Listed records —
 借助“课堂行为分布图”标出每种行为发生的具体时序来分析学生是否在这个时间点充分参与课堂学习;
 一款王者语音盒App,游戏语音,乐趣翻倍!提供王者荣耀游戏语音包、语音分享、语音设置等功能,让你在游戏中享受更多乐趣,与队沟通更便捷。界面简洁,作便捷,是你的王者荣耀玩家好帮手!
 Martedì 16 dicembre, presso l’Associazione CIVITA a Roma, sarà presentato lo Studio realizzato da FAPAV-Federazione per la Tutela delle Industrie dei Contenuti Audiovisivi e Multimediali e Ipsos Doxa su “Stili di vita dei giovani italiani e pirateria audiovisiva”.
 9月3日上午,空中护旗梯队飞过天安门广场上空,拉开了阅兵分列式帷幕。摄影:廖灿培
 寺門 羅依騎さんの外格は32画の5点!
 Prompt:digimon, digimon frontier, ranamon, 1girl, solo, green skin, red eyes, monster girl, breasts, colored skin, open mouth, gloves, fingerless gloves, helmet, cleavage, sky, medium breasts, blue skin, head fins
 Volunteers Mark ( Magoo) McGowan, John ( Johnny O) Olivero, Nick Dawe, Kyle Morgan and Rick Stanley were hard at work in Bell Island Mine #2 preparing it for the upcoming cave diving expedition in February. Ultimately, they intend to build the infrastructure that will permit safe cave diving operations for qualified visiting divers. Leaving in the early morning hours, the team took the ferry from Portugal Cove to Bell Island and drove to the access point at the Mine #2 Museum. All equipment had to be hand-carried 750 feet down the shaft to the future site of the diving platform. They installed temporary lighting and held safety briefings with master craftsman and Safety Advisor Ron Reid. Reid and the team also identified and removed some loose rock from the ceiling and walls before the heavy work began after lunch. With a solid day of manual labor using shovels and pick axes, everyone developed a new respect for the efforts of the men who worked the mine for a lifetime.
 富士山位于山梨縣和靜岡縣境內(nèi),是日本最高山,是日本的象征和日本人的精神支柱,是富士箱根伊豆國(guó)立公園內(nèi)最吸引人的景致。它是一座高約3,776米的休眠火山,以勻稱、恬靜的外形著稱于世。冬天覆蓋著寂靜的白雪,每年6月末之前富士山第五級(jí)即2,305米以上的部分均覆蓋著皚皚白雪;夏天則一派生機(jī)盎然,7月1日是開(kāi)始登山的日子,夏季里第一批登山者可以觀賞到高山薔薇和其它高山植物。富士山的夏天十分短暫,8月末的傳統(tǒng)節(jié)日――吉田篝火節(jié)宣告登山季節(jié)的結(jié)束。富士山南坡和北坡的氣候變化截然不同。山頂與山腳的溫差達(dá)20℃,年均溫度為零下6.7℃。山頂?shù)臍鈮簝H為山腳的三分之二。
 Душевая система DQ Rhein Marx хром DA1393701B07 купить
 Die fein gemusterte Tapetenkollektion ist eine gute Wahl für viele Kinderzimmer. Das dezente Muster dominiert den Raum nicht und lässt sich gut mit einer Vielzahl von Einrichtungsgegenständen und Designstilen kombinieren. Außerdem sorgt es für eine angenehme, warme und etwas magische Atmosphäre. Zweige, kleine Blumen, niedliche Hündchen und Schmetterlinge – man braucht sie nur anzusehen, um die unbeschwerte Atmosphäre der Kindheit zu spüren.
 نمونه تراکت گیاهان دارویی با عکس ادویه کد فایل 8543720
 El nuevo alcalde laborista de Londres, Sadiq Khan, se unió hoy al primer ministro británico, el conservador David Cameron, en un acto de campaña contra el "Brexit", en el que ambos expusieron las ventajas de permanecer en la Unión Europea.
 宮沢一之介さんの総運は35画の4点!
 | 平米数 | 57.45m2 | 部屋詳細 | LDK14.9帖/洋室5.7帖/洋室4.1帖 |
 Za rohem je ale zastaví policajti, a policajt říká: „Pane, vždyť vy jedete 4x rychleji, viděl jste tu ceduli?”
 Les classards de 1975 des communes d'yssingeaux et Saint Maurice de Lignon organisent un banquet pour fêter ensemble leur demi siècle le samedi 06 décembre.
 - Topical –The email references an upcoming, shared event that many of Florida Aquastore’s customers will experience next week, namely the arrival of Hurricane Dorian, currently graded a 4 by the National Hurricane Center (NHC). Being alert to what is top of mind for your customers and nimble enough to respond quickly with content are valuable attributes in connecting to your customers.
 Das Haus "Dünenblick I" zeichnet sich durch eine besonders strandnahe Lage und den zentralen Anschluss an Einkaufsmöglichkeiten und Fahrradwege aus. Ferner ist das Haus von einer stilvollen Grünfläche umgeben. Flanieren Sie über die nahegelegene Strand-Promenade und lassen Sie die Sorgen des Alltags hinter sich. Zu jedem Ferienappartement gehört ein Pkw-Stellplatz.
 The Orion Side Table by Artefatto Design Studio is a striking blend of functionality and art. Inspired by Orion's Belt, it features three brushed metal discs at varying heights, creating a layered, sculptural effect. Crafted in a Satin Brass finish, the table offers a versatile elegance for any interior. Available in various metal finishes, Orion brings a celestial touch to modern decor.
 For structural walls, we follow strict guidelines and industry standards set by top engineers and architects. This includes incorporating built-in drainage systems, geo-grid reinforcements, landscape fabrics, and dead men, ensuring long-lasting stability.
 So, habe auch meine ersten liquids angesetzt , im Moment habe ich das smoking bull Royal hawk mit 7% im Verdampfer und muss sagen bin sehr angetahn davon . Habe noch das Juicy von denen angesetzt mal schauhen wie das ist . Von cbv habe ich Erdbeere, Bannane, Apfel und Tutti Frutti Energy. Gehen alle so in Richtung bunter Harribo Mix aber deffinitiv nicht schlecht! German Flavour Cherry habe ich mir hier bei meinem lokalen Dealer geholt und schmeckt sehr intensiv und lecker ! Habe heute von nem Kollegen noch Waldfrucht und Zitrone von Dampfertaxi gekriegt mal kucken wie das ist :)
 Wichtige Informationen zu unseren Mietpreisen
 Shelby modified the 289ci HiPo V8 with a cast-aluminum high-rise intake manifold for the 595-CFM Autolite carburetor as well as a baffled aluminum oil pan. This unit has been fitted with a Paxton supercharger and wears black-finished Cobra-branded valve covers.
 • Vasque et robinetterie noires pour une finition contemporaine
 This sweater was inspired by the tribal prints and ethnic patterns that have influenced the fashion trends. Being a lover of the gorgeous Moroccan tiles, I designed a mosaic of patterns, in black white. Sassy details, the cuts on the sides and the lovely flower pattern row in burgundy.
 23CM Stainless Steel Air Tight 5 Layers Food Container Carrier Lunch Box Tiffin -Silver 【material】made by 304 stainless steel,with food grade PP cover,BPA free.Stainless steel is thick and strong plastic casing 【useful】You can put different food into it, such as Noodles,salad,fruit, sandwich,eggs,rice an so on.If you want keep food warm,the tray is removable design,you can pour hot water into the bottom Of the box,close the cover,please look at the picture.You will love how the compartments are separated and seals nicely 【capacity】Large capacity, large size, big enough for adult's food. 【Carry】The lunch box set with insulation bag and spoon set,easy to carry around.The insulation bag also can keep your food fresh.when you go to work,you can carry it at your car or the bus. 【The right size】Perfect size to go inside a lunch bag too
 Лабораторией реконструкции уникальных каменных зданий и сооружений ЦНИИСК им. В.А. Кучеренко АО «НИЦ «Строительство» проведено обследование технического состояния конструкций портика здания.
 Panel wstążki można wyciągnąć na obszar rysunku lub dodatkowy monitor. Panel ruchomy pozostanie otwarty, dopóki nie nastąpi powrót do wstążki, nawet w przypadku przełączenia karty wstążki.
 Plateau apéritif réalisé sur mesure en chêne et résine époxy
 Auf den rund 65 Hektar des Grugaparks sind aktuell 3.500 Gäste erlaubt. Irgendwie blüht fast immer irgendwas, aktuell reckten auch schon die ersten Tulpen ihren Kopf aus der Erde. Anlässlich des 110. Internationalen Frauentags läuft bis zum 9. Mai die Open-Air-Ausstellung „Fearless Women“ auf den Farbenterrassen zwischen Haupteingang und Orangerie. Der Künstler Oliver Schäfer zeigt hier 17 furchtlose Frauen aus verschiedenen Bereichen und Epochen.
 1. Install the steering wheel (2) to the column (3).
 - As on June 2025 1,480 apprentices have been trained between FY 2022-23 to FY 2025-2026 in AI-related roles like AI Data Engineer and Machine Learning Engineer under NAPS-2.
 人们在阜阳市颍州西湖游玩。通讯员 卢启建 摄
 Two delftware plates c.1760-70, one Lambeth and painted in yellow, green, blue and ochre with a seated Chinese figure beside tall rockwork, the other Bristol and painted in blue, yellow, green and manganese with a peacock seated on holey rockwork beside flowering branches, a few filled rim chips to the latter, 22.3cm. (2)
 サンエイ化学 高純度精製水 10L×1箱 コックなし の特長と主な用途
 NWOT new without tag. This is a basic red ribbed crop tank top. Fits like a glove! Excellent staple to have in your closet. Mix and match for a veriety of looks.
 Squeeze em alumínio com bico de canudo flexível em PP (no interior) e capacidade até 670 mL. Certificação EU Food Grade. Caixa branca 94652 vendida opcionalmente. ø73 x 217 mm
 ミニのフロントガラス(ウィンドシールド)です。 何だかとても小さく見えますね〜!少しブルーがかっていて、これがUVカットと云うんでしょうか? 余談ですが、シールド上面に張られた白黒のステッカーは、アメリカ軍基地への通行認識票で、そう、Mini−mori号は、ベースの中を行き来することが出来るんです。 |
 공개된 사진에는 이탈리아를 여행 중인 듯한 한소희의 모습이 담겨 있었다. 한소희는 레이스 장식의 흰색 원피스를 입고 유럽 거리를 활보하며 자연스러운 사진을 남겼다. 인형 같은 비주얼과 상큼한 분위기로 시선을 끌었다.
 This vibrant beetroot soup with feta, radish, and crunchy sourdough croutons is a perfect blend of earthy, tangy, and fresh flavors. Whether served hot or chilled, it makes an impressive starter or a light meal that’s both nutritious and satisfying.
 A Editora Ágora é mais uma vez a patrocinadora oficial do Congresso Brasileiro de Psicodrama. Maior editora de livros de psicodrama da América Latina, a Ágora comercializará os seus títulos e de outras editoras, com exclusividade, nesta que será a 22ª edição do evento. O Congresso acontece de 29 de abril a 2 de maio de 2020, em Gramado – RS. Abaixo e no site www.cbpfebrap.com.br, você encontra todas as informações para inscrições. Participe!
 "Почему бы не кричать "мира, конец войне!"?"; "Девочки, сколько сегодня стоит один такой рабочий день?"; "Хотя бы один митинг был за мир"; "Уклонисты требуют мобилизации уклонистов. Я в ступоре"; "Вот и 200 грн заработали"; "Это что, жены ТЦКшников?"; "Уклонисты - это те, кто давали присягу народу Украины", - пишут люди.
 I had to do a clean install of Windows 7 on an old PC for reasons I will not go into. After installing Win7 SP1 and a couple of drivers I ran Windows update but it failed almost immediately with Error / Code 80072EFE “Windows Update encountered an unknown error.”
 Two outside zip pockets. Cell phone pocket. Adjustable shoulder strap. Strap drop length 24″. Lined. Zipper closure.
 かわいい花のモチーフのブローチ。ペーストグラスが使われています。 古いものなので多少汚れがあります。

Task item —
Quote exactly the first line of the data and every line after it through the one holding "寺門 羅依騎さんの外格は32画の5点!".

Answer to this problem —
 借助“课堂行为分布图”标出每种行为发生的具体时序来分析学生是否在这个时间点充分参与课堂学习;
 一款王者语音盒App,游戏语音,乐趣翻倍!提供王者荣耀游戏语音包、语音分享、语音设置等功能,让你在游戏中享受更多乐趣,与队沟通更便捷。界面简洁,作便捷,是你的王者荣耀玩家好帮手!
 Martedì 16 dicembre, presso l’Associazione CIVITA a Roma, sarà presentato lo Studio realizzato da FAPAV-Federazione per la Tutela delle Industrie dei Contenuti Audiovisivi e Multimediali e Ipsos Doxa su “Stili di vita dei giovani italiani e pirateria audiovisiva”.
 9月3日上午,空中护旗梯队飞过天安门广场上空,拉开了阅兵分列式帷幕。摄影:廖灿培
 寺門 羅依騎さんの外格は32画の5点!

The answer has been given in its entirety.